New to Hadoop. Hadoop的新手。 I know how to create a table in Hive (Syntax) Creating a table with 3 Partition Key. 我知道如何在Hive（语法）中创建表。使用3 Partition Key创建表。 but the keys are in File Names. 但是键在“文件名”中。

FileName Example : ServerName_ApplicationName_ApplicationName.XXXX.log.YYYY-MM-DD FileName示例：ServerName_ApplicationName_ApplicationName.XXXX.log.YYYY-MM-DD

there are hundreds of file in a directory want to create a table with following Partition Keys from file Name :ServerName,ApplicationName,Date and load all the files in to table Hive Script would be the preference but open to any other ideas 目录中有数百个文件想要从文件名：ServerName，ApplicationName，Date创建具有以下分区键的表，并将所有文件加载到表中Hive Script将是首选项，但可以接受其他想法

(files are CSV. and I know The schema(column definitions) of the file ) （文件是CSV。
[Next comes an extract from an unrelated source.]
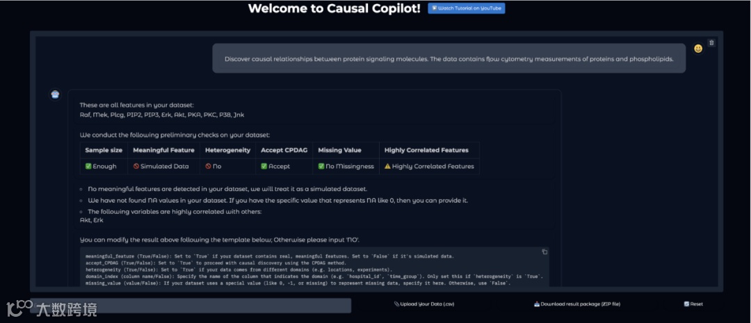 Causal-Copilot 的另一大贡献在于其开放生态的构建。研究团队将系统完全开源,提供代码、教程和在线演示平台(论文链接:https://arxiv.org/abs/2504.13263,开源代码:https://github.com/Lancelot39/Causal-Copilot,在线体验:https://causalcopilot.com/),邀请全球研究者共同参与改进。这种开放策略不仅降低了技术使用门槛,更推动了因果分析技术的普及与创新。无论是资深的数据科学家还是领域研究者,都能通过该工具快速开展因果分析,无需在算法细节上耗费大量精力。

我知道文件的架构（列定义））

Answer 1

I assume the File Name is in format ServerName_ApplicationName.XXXX.log.YYYY-MM-DD (removed second "applicationname" assuming it to be a typo). 我假设文件名的格式为ServerName_ApplicationName.XXXX.log.YYYY-MM-DD（删除第二个“应用程序名称”，假设它是拼写错误）。

Create a table on the contents of the original file. 在原始文件的内容上创建一个表。 Some thing like.. 就像是..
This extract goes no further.